**EXERCISE AIM:** Stop after the line holding "Бланко Metra 6". Repeat exactly every line before it in the records below, that line too, and leave out the pictures.

**DATA PROVIDED:**
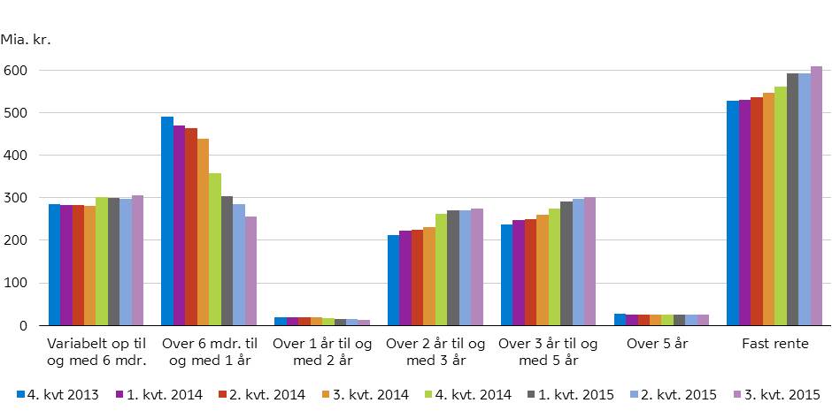 Samtidig øges også husholdningernes lån med rentebinding til og med 6 måneder. Langt hovedparten af de lån er tilknyttet en referencerente og skal derfor ikke refinansieres ved hver rentetilpasning. Endelig er der fremgang for lån med fast rente, som ved udgangen af 3. kvartal udgør 34 pct. af det samlede realkreditudlån til husholdninger.
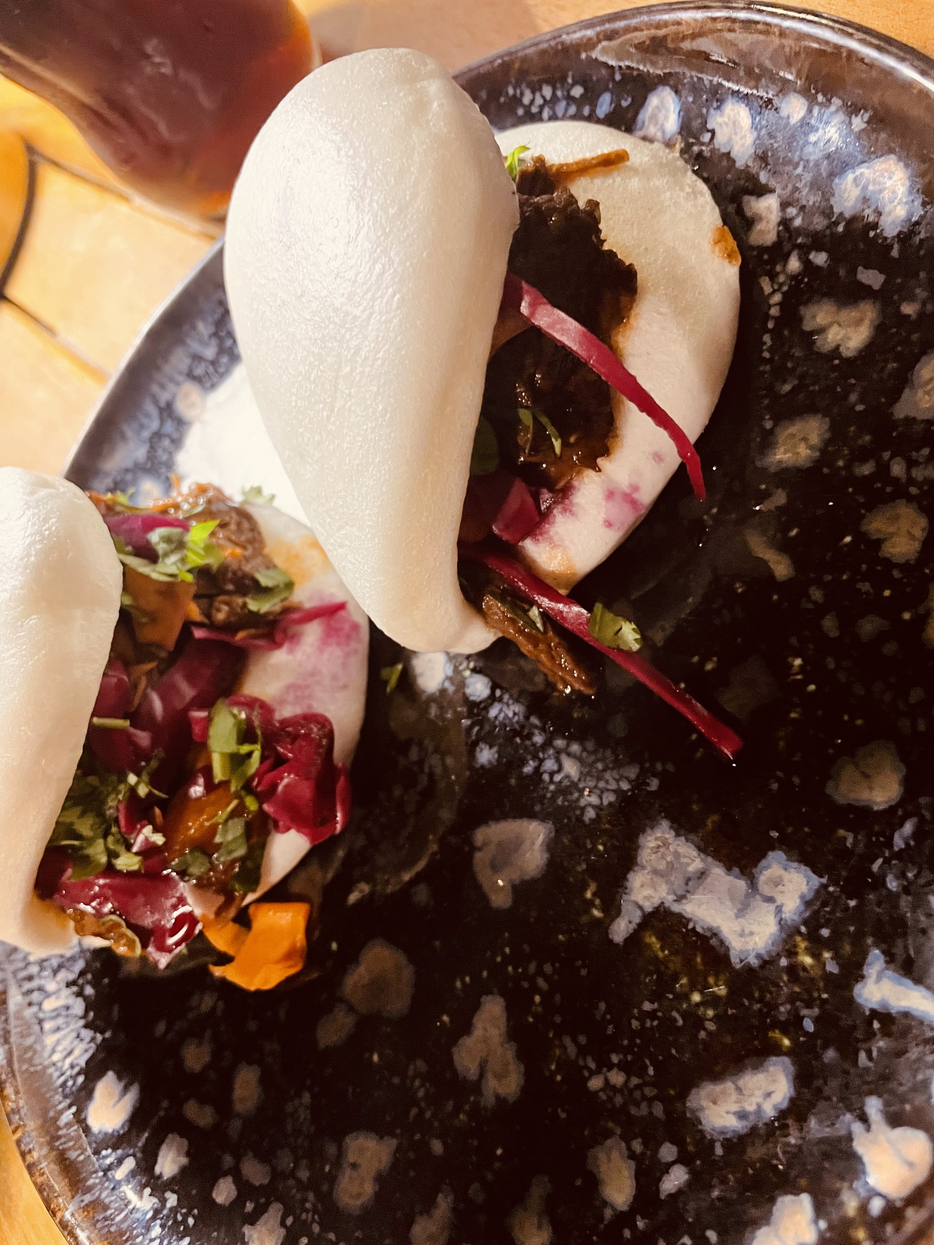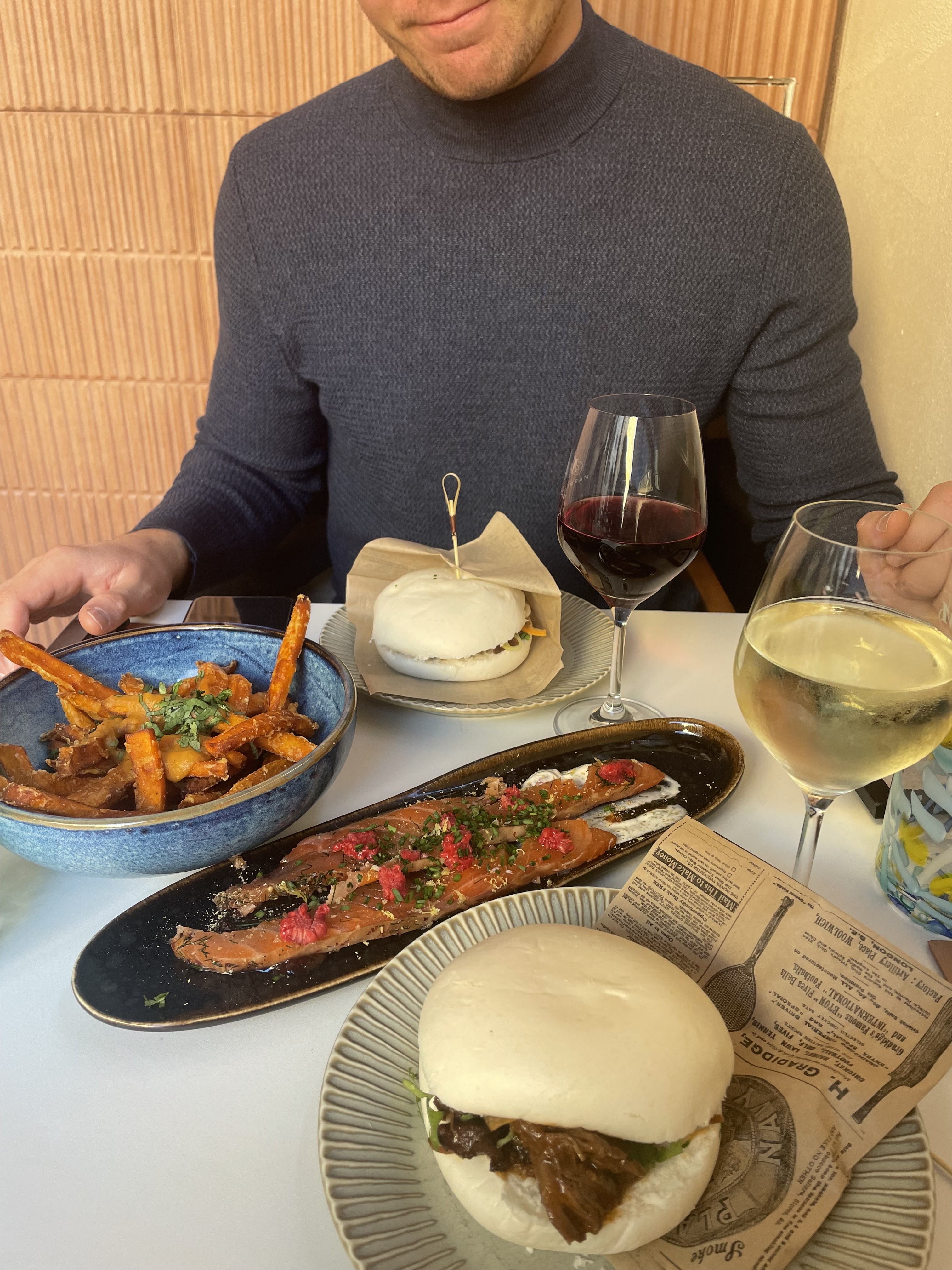 Nouveau restaurant avec un concept qui repose sur le partage! Une adresse proposant une cuisine vivante, des cocktails réfléchis, des plats cuisinés en petites portions bien souvent à partager. Derrière ce restaurant se planquent deux gamins du quartier, des potes depuis la maternelle! Nous avons pris : Gyosas à la crevette, sauce aigre-douce & ciboulette & panisses à l'ail et romarin coupés au couteau, mayonnaise aux herbes acidulées / Filet de boeuf marqué au grill puis mariné façon tataki, coriandre, citronnelle & piment - Buratta, Truffe & Basta - Premier butternut d'automne servis en gnocchi, crême fusé à la sauge et au parmesan - Bao monté sur l'instant à l'effloché de bœuf confit de 48h, pickles & condiment fumé
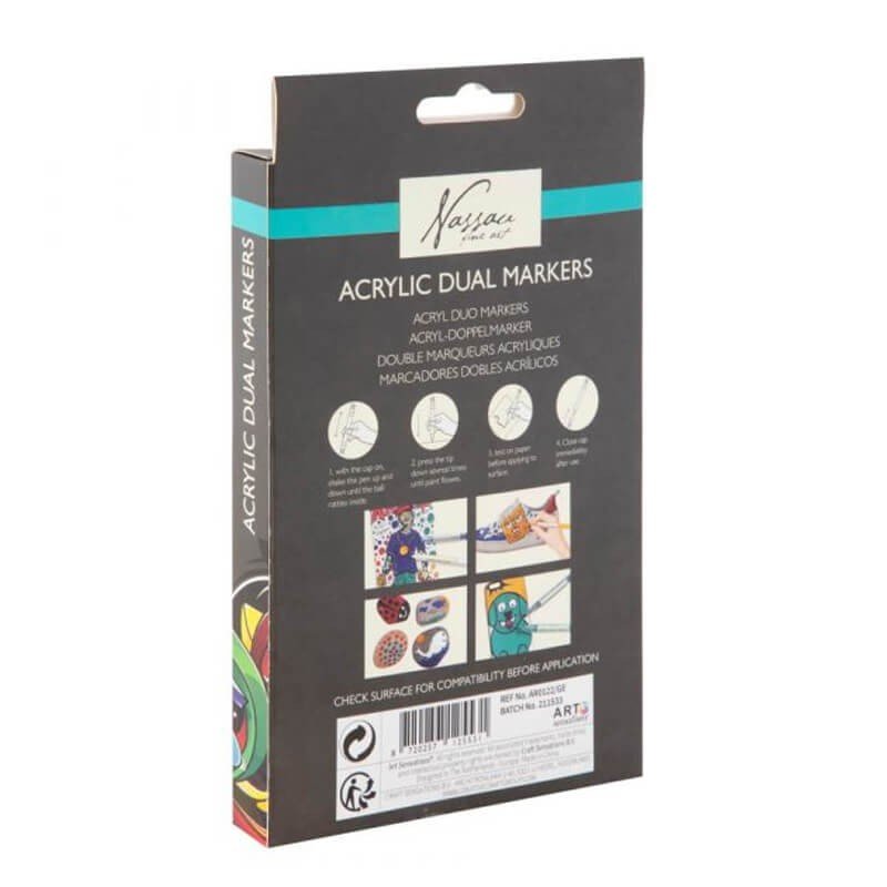 Set 6 markere acrilice Nassau Fine Art, vârf dublu, rezistente la apă
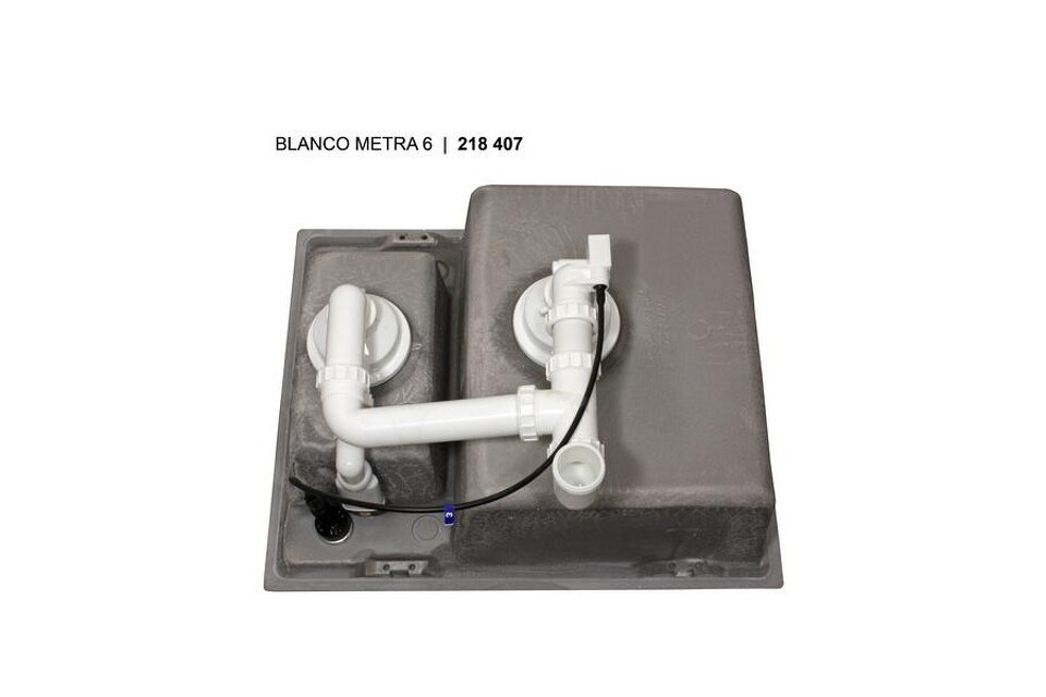Бланко Metra 6 состоит из двух чаш — большой с клапаном автоматом и маленькой с обычным корзинчатым вентилем. Прямоугольная форма позволяет устанавливать доску для нарезки продуктов на каждую из них, дополнительно увеличивая рабочую площадь.
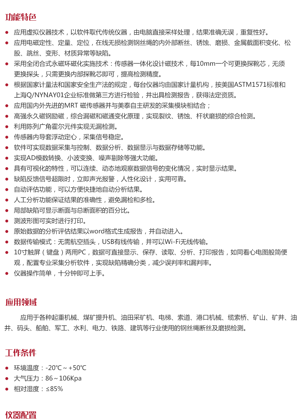 產(chǎn)品概述美泰MRT80-S無線傳輸型鋼絲繩探傷儀是美泰公司基于原有的鋼絲繩探傷儀研發(fā)的系列升級產(chǎn)品。該產(chǎn)品基于漏磁原理,可實時檢測鋼絲繩內(nèi)外部的斷絲、銹蝕、磨損等缺陷,能夠計算出金屬截面積變化的定量數(shù)值,可按照現(xiàn)行標準和規(guī)程生成診斷報告。硬件部分采用國際先進的MRT磁傳感器,配合功能型數(shù)據(jù)采集模塊進行工作,增設(shè)了USB接口及WIFI無線傳輸功能,可直接將數(shù)據(jù)存儲到計算機中;軟件部分基于小波變換分析原理,可實現(xiàn)數(shù)據(jù)的采集、控制、分析、顯示與存儲等功能;借助特有的動態(tài)連續(xù)跟蹤方式,可以連續(xù)、動態(tài)地觀察數(shù)據(jù)信號的變化情況,并實時顯示檢測結(jié)果,實時發(fā)出報警信號;兼?zhèn)渥詣釉u估功能。該儀器攜帶方便,操作簡單,檢測精度高,重復性好,損傷定位準確,被廣泛應用于各種起重機械、煤礦提升機、油田采礦機、電梯、索道、港口機械、纜索橋、礦山、礦井、油井、碼頭、船舶、軍工、水利、電力、鐵路、建筑等行業(yè)使用的鋼絲繩斷絲及磨損檢測。
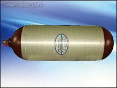 纤维缠绕成型工艺的优点是:能够按产品的受力状况设计缠绕规律,以充分发挥纤维的强度;比强度高。一般来讲,纤维缠绕压力容器与同体积、同压力的钢质容器相比,重量可减轻40%~60%;可靠性高。纤维缠绕制品易实现机械化和自动化生产,工艺条件确定后,缠出来的产品质量稳定、精确;生产效率高。采用机械化或自动化生产,只需少数操作工人,缠绕速度快(240m/min);成本低。在同一产品上,可合理配选若干种材料(包括树脂、纤维和内衬),使其再复合以达到最佳的技术经济效果。现在用纤维缠绕成型工艺生产的CNG/LPG高压气瓶、传动轴和板状弹簧等已广泛应用于大客车、轿车和卡车上。纤维缠绕成型工艺的缺点是:缠绕成型适应性小,不能缠任意结构形式的制品,特别是具有凹形表面的制品。这是因为缠绕时,纤维不能紧贴在芯模表面,而是处于架空状态;缠绕成型需要有缠绕机、芯模、固化加热炉、脱模机及熟练的技术工人,不仅投资大,而且技术要求高,因此只有大批量生产时才能获得较大的经济技术效益。图8所示为采用纤维缠绕成型工艺生产的CNG乘用车用高压气瓶。
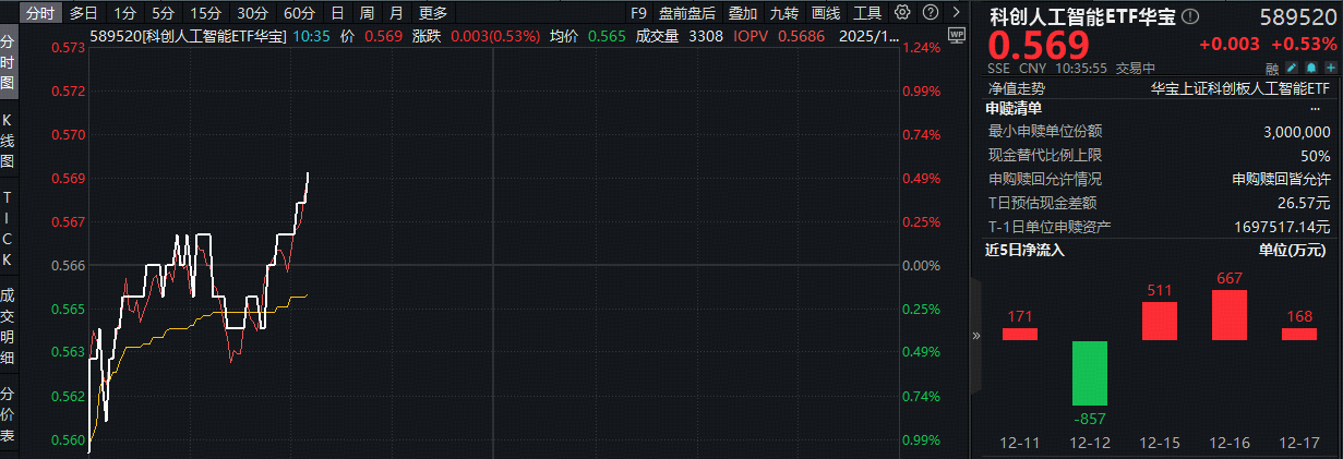 今日(12月18日)字节产业链含量超33%科创人工智能ETF(589520)逆市活跃,场内价格现涨0.53%,上交所数据显示,该ETF此前3日连续获资金净流入,合计金额1346万元,反映资金看好国产AI产业链后市表现,逐步进场布局!
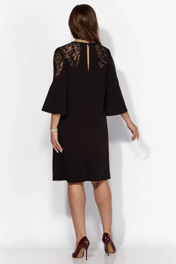 Платье женское А-образного силуэта с втачным рукавом длинной 3/4. Рукав расширенный к низу , с фигурной вставкой из отделочной ткани. По переду нагрудные вытачки и кокетка. Вырез горловины круглоф формы с ассиметричным пришивным декором. По спинке средний шов, кокетка сложной формы с разрезом. Застежка сзади на навесную петлю и отделочную пуговицу. Вставкирукавов и кокетки выполнены из отделочной ткани(прозрачная органза с рисунком.)
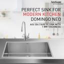 You can complete your daily kitchen tasks with ease with the Hindware Domingo Neo Handmade Kitchen Sink. Crafted from thick and sturdy stainless steel sheets that are manually joined to form a rectangular shape, this sink is designed to withstand daily use. Its use of high-quality 304-grade steel, containing up to 18% chromium and 8% nickel, ensures exceptional robustness and durability. Additionally, this sink's tight radius corners offer ample usable space, making daily kitchen tasks effortless.
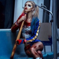 Harley Quinn from the comic book series. The individual has striking makeup and costume elements that are associated with this character, such as the red and blue suit with white stripes down the sides, black tights with fishnet stockings underneath, knee-high boots, and
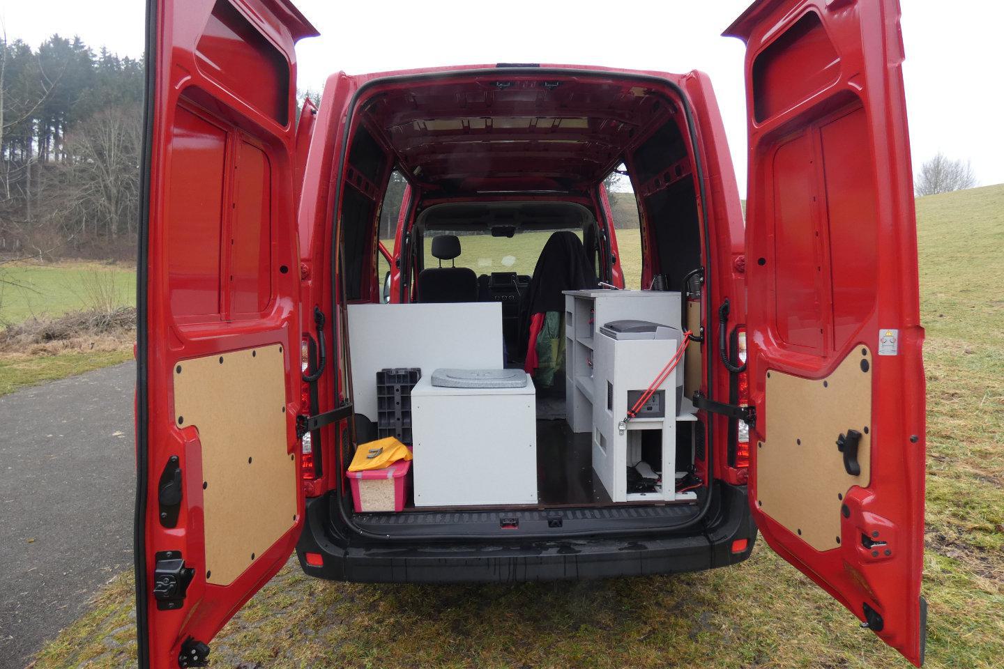 Jedes Modul ist sicher mit dem Boden verschraubt und der Küchenblock zusätzlich mit Spanngurten an Zurrösen an der Wand fixiert. Die Konstruktion so nun seit knapp einem halben Jahr im Auto untergebracht und hat bereits Vollbremsungen, Buckelpisten und einige tausend Kilometer normale Fahrt mitgemacht. Bisher ohne die geringsten Probleme.

**RESPONSE TO THE TASK:**
 Samtidig øges også husholdningernes lån med rentebinding til og med 6 måneder. Langt hovedparten af de lån er tilknyttet en referencerente og skal derfor ikke refinansieres ved hver rentetilpasning. Endelig er der fremgang for lån med fast rente, som ved udgangen af 3. kvartal udgør 34 pct. af det samlede realkreditudlån til husholdninger.
 Nouveau restaurant avec un concept qui repose sur le partage! Une adresse proposant une cuisine vivante, des cocktails réfléchis, des plats cuisinés en petites portions bien souvent à partager. Derrière ce restaurant se planquent deux gamins du quartier, des potes depuis la maternelle! Nous avons pris : Gyosas à la crevette, sauce aigre-douce & ciboulette & panisses à l'ail et romarin coupés au couteau, mayonnaise aux herbes acidulées / Filet de boeuf marqué au grill puis mariné façon tataki, coriandre, citronnelle & piment - Buratta, Truffe & Basta - Premier butternut d'automne servis en gnocchi, crême fusé à la sauge et au parmesan - Bao monté sur l'instant à l'effloché de bœuf confit de 48h, pickles & condiment fumé
 Set 6 markere acrilice Nassau Fine Art, vârf dublu, rezistente la apă
Бланко Metra 6 состоит из двух чаш — большой с клапаном автоматом и маленькой с обычным корзинчатым вентилем. Прямоугольная форма позволяет устанавливать доску для нарезки продуктов на каждую из них, дополнительно увеличивая рабочую площадь.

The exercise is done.